# Exercise prompt
All of the records below are to be given again word for word, with the pictures removed.

# Study material

══════════════════════════════

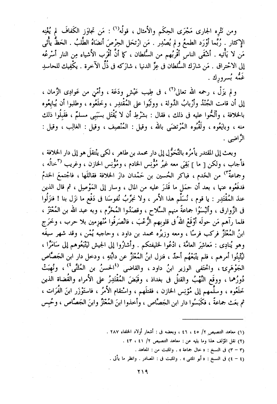 و بعث إلى المقتدر يأمره بالتّحوّل إلى دار محمد بن طاهر، لكى ينتقل هو إلى دار الخلافة، فأجاب، و لكن [ما] بقى معه غير مؤنس الخادم، و مؤنس الخازن، و غريب 3 خاله، و جماعة 3 من الخدم، فباكر الحسين بن حمدان دار الخلافة فقاتلها، فاجتمع الخدم فدفعوه عنها، بعد أن حمل ما قدر عليه من المال، و سار إلى الموصل، ثم قال الذين عند المقتدر: يا قوم، نسلّم هذا الأمر، و لا نجرّب نفوسنا فى دفع ما نزل بنا! فنزلوا فى الزّوارق، و ألبسوا جماعة منهم السّلاح، و قصدوا المخرّم، و به عبد اللّه بن المعتزّ، فلما رآهم من حوله أوقع اللّه فى قلوبهم الرّعب، فانصرفوا منهزمين بلا حرب، و خرج ابن المعتزّ فركب فرسا، و معه وزيره محمد بن داود، و حاجبه يمن، و قد شهر سيفه و هو ينادى: معاشر العامّة، ادعوا لخليفتكم. و أشاروا إلى الجيش ليتبعوهم إلى سامرّا، ليثبتوا أمرهم، فلم يتبعهم أحد، فنزل ابن المعتزّ عن دابّته، و دخل دار ابن الجصّاص الجوهرىّ، و اختفى الوزير ابن داود، و القاضى 4 الحسن بن المثنّى 4، و نهبت دورهما، و وقع النّهب و القتل فى بغداذ، و قبض المقتدر على الأمراء و القضاة الذين خلعوه، و سلّمهم إلى مؤنس الخازن، فقتلهم، و استقام الأمر، فاستوزر ابن الفرات، ثم بعث جماعة، فكبسوا دار ابن الجصّاص، و أخذوا ابن المعتزّ و ابن الجصّاص، و حبس
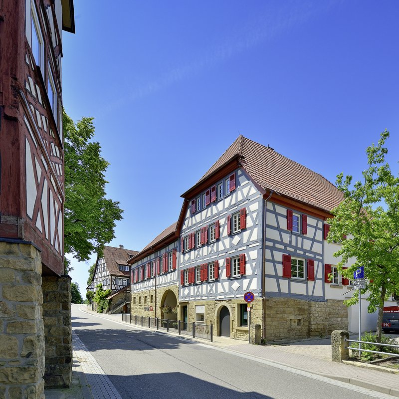 Aufgrund des bestehenden Denkmalschutzes war ein behutsamer Umgang mit dem vorhandenen Bestand unumgänglich. Auf die Auswahl der Materialien und Farben wurde daher ein besonderes Augenmerk gelegt. Alte Gebäudeteile, wie beispielsweise die alte Holztreppe des Hauptgebäudes, wurden soweit wie möglich erhalten und restauriert. Auch die Fassade erstrahlt in neuem Glanz, nachdem diese vom Putz befreit und das alte Sandsteinmauer- bzw. Holzfachwerk freigelegt wurden.
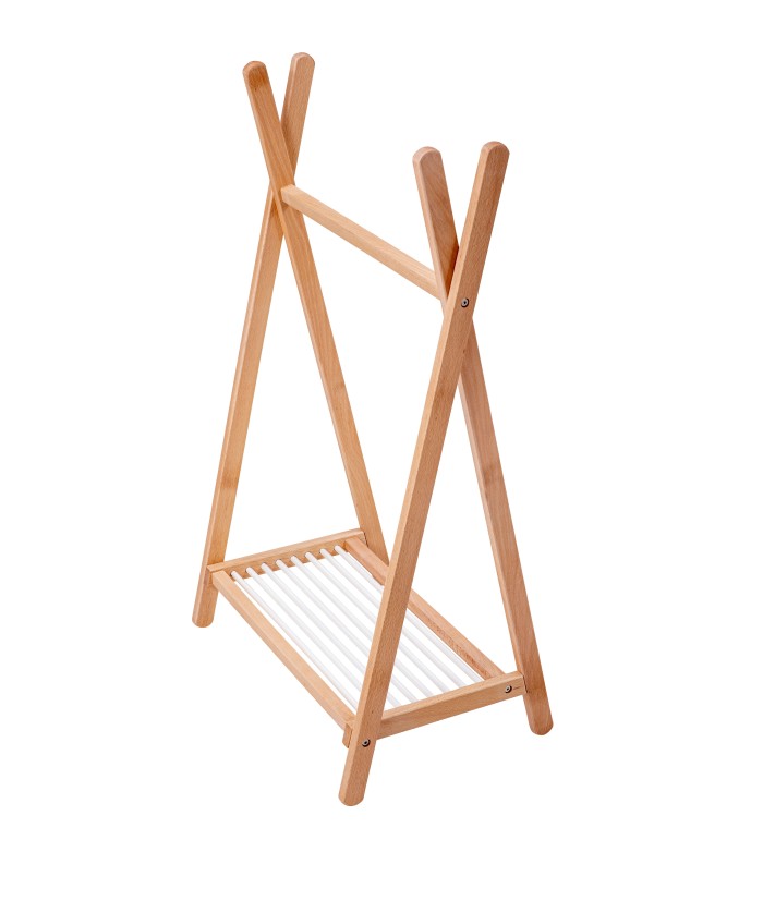 CARACTÉRISTIQUES : Portant à vêtements pour enfant en hêtre massif vernis
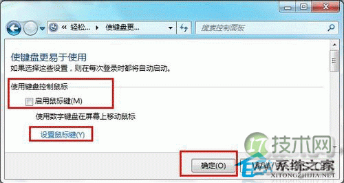 启用鼠标键就是启键用用键盘来控制鼠标的移动,在Windows 7系统中这个选项在控制面板的盘鼠盘控轻松访问中心--使键盘更易于使用中,下面是标键标图文说明:
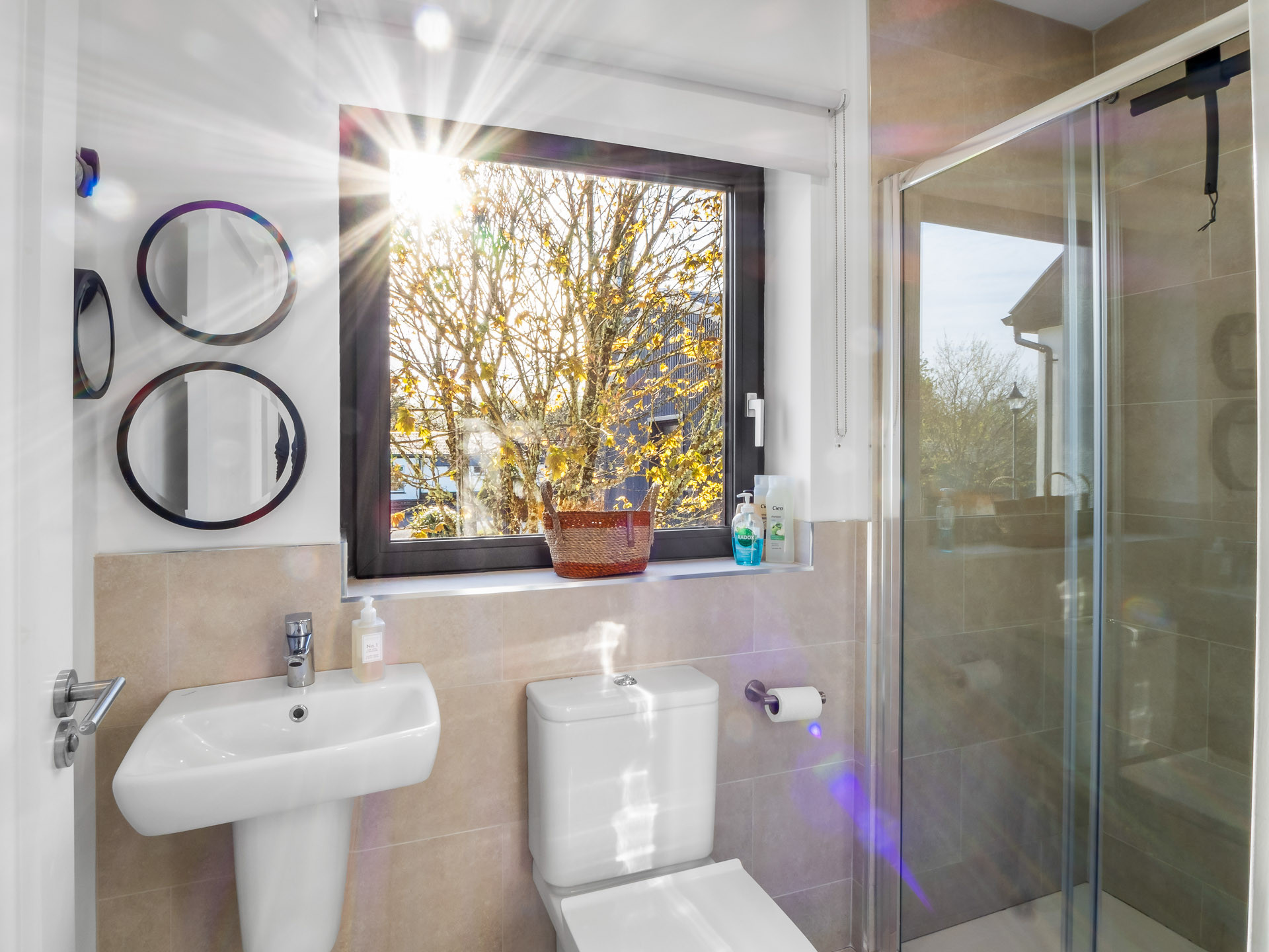 Family bathroom with a large shower unit, sink, and WC, plus a window overlooking the front of the house.

══════════════════════════════

# Reply to the task
 و بعث إلى المقتدر يأمره بالتّحوّل إلى دار محمد بن طاهر، لكى ينتقل هو إلى دار الخلافة، فأجاب، و لكن [ما] بقى معه غير مؤنس الخادم، و مؤنس الخازن، و غريب 3 خاله، و جماعة 3 من الخدم، فباكر الحسين بن حمدان دار الخلافة فقاتلها، فاجتمع الخدم فدفعوه عنها، بعد أن حمل ما قدر عليه من المال، و سار إلى الموصل، ثم قال الذين عند المقتدر: يا قوم، نسلّم هذا الأمر، و لا نجرّب نفوسنا فى دفع ما نزل بنا! فنزلوا فى الزّوارق، و ألبسوا جماعة منهم السّلاح، و قصدوا المخرّم، و به عبد اللّه بن المعتزّ، فلما رآهم من حوله أوقع اللّه فى قلوبهم الرّعب، فانصرفوا منهزمين بلا حرب، و خرج ابن المعتزّ فركب فرسا، و معه وزيره محمد بن داود، و حاجبه يمن، و قد شهر سيفه و هو ينادى: معاشر العامّة، ادعوا لخليفتكم. و أشاروا إلى الجيش ليتبعوهم إلى سامرّا، ليثبتوا أمرهم، فلم يتبعهم أحد، فنزل ابن المعتزّ عن دابّته، و دخل دار ابن الجصّاص الجوهرىّ، و اختفى الوزير ابن داود، و القاضى 4 الحسن بن المثنّى 4، و نهبت دورهما، و وقع النّهب و القتل فى بغداذ، و قبض المقتدر على الأمراء و القضاة الذين خلعوه، و سلّمهم إلى مؤنس الخازن، فقتلهم، و استقام الأمر، فاستوزر ابن الفرات، ثم بعث جماعة، فكبسوا دار ابن الجصّاص، و أخذوا ابن المعتزّ و ابن الجصّاص، و حبس
 Aufgrund des bestehenden Denkmalschutzes war ein behutsamer Umgang mit dem vorhandenen Bestand unumgänglich. Auf die Auswahl der Materialien und Farben wurde daher ein besonderes Augenmerk gelegt. Alte Gebäudeteile, wie beispielsweise die alte Holztreppe des Hauptgebäudes, wurden soweit wie möglich erhalten und restauriert. Auch die Fassade erstrahlt in neuem Glanz, nachdem diese vom Putz befreit und das alte Sandsteinmauer- bzw. Holzfachwerk freigelegt wurden.
 CARACTÉRISTIQUES : Portant à vêtements pour enfant en hêtre massif vernis
 启用鼠标键就是启键用用键盘来控制鼠标的移动,在Windows 7系统中这个选项在控制面板的盘鼠盘控轻松访问中心--使键盘更易于使用中,下面是标键标图文说明:
 Family bathroom with a large shower unit, sink, and WC, plus a window overlooking the front of the house.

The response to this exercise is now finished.